The new state report said that both allergic rhinitis and allergic asthma are meaningful public health issues, with about 35 million Americans suffering from asthma and 40% of children experiencing allergic rhinitis.

“Despite its pervasiveness, pollen exposure has received very little attention from the public health and air monitoring communities,” the report said.

It said that because “pollen is a naturally occurring substance” it likely gets less attention.

In addition, there is a “perceived lack of severity regarding its health impacts,” the report said, in part because pollen’s impact varies so much “from individual to individual and with a large dependence on the particular pollen species.”

The Bureau of Air Quality said it “plans to stay engaged with, and wherever possible assist in, the efforts of local, state, regional and national health and scientific professionals and organizations seeking to translate the already known health impacts of pollen and a significant lack of pollen monitoring data into an effective and sustained public health action plan, establishment of a national pollen monitoring network and a health intervention strategy.”

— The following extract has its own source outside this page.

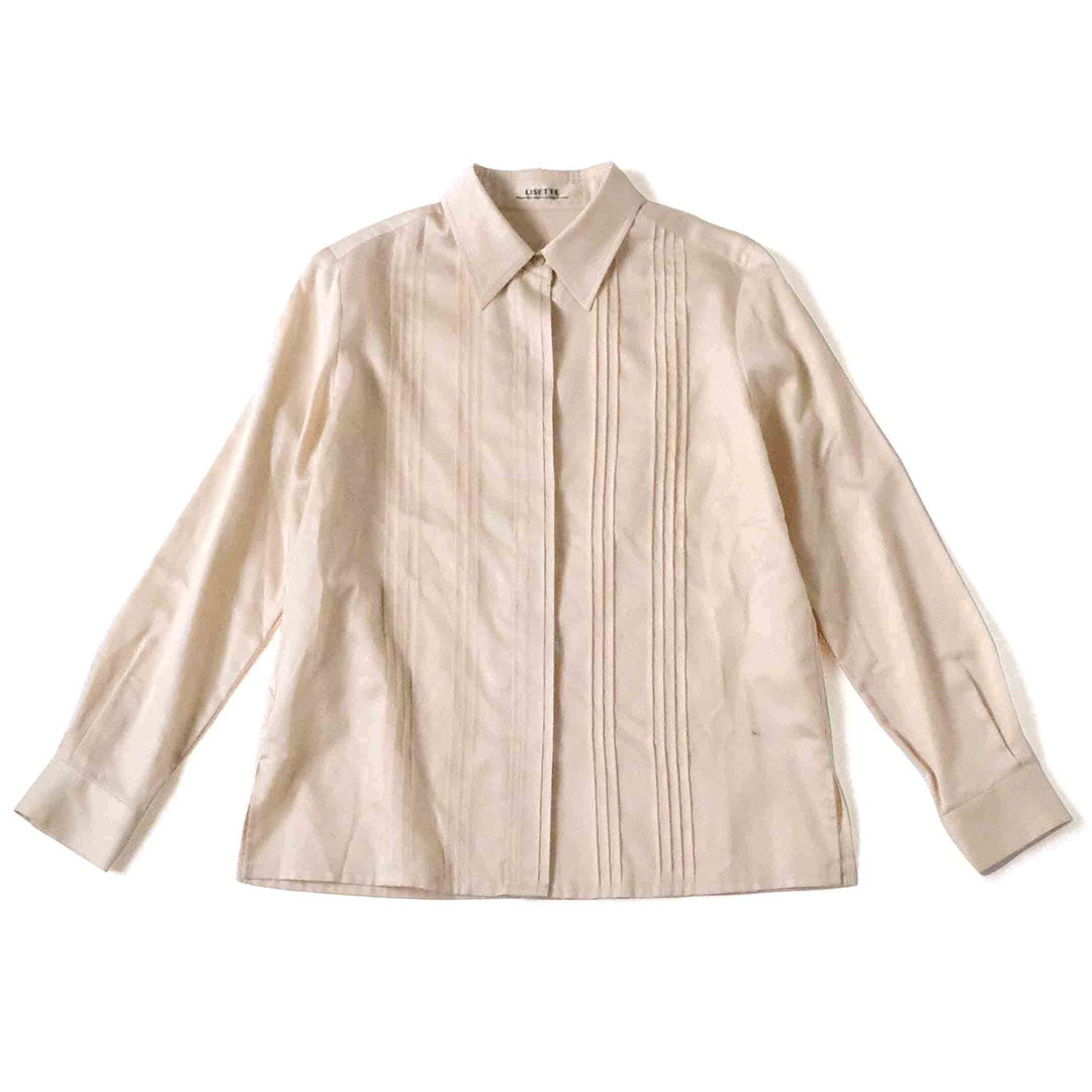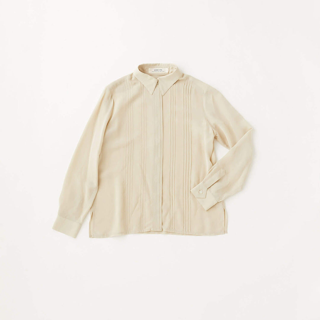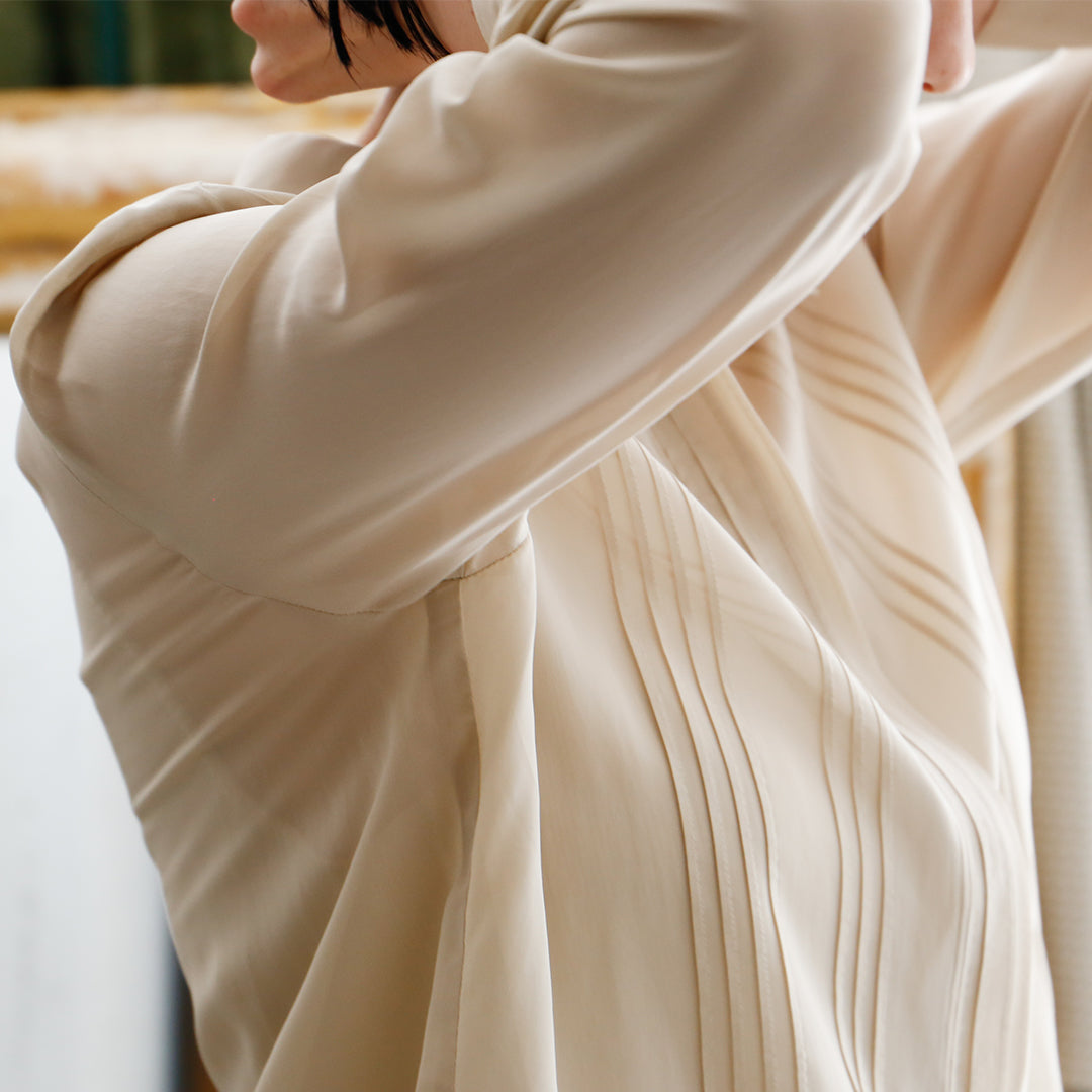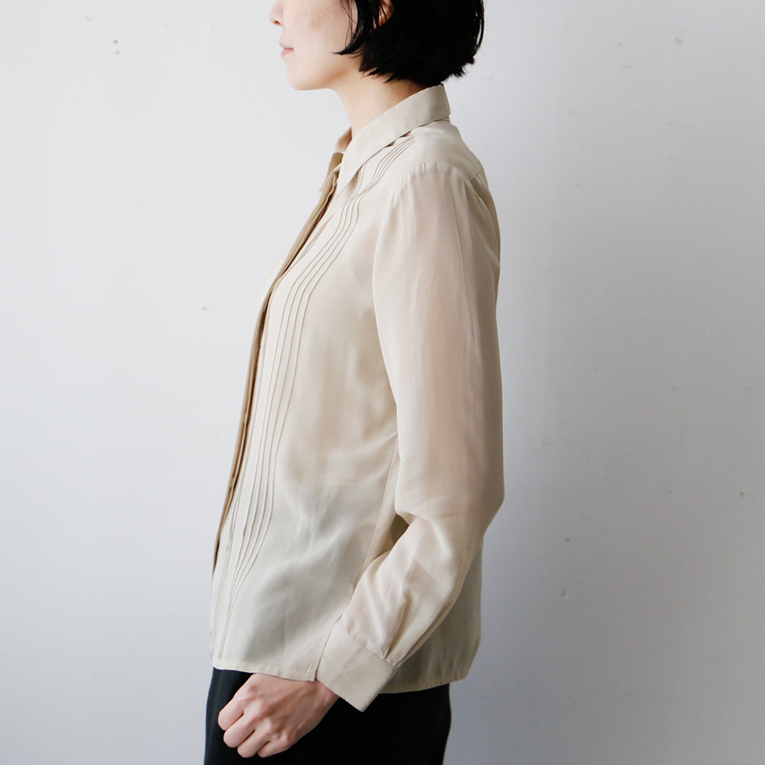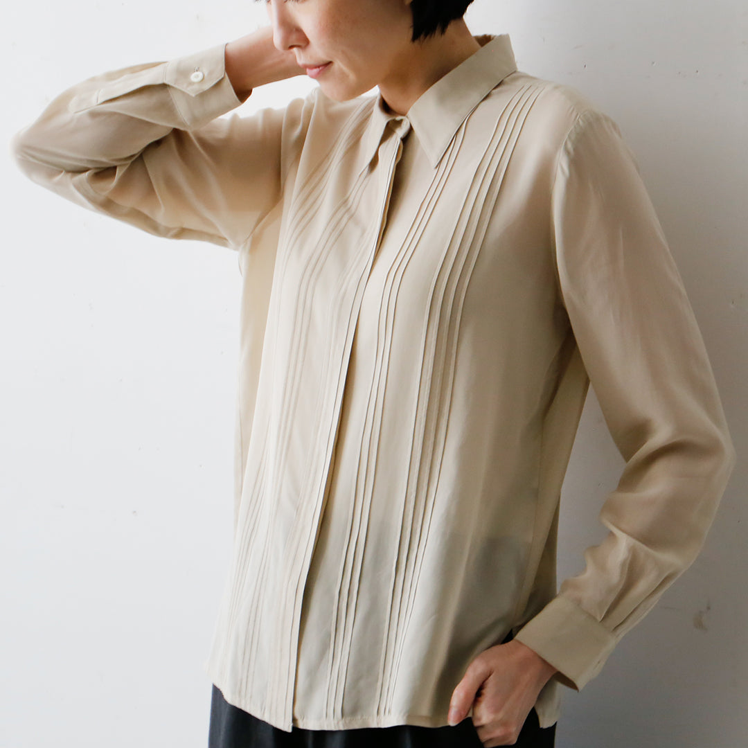 鋭角の襟と個性的な袖のカフスが、全体をきりりと引き締め端正な雰囲気に。比翼開きが、前身に施したピンタックをより印象的にしてくれます。
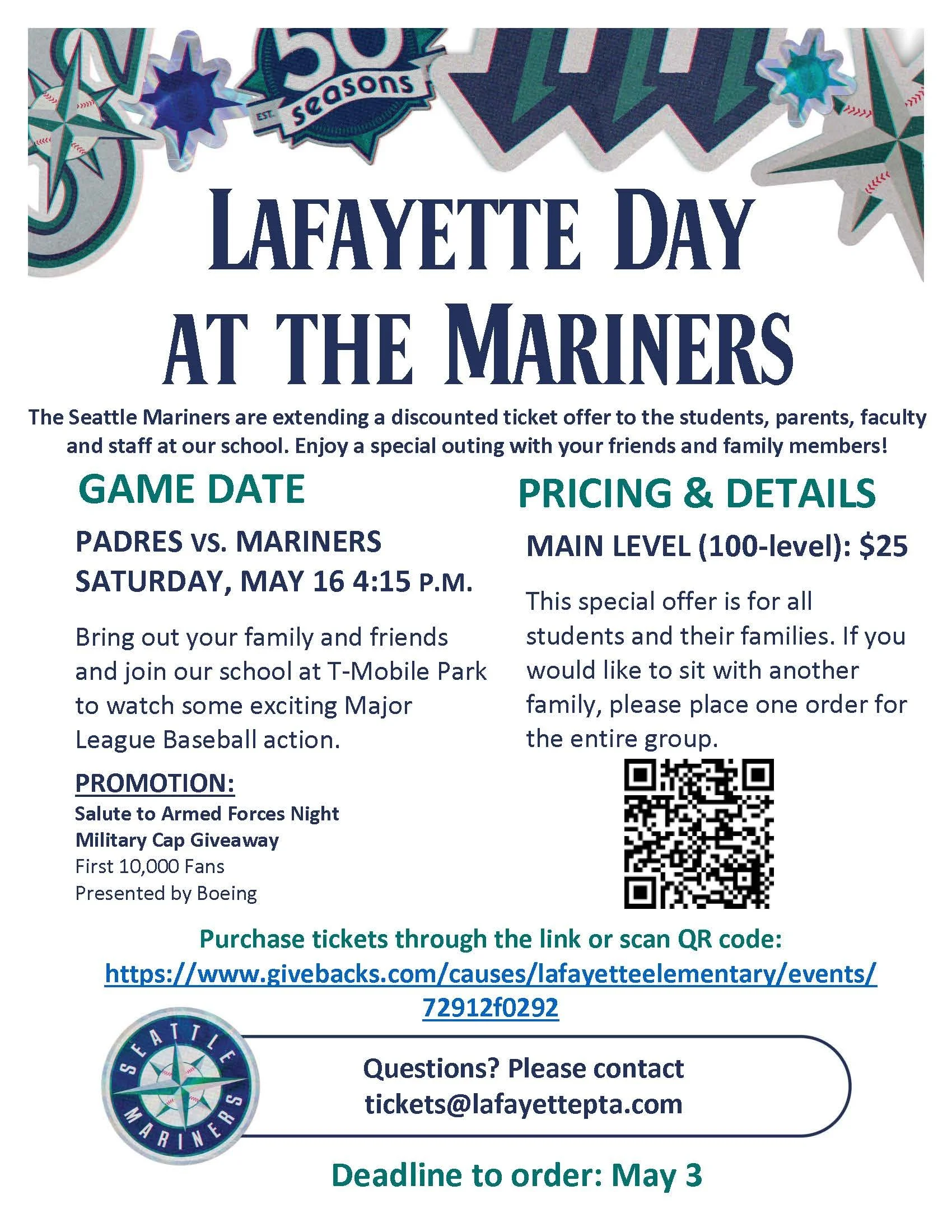 Purchase Tickets Here: Givebacks - Lafayette Day at the Mariners

Scientists warn that the earth is warming at an alarming pace due mostly to humanity’s continued reliance on the burning of fossil fuels that has steadily increased the amount of heat-trapping carbon dioxide in the atmosphere.

There is a worldwide consensus on the need to reduce sharply the economy’s dependence on oil and natural gas in order to fend off the worst impacts of the growing problem, which is already killing coral reefs, melting ice caps and increasing the severity and frequency of major storms.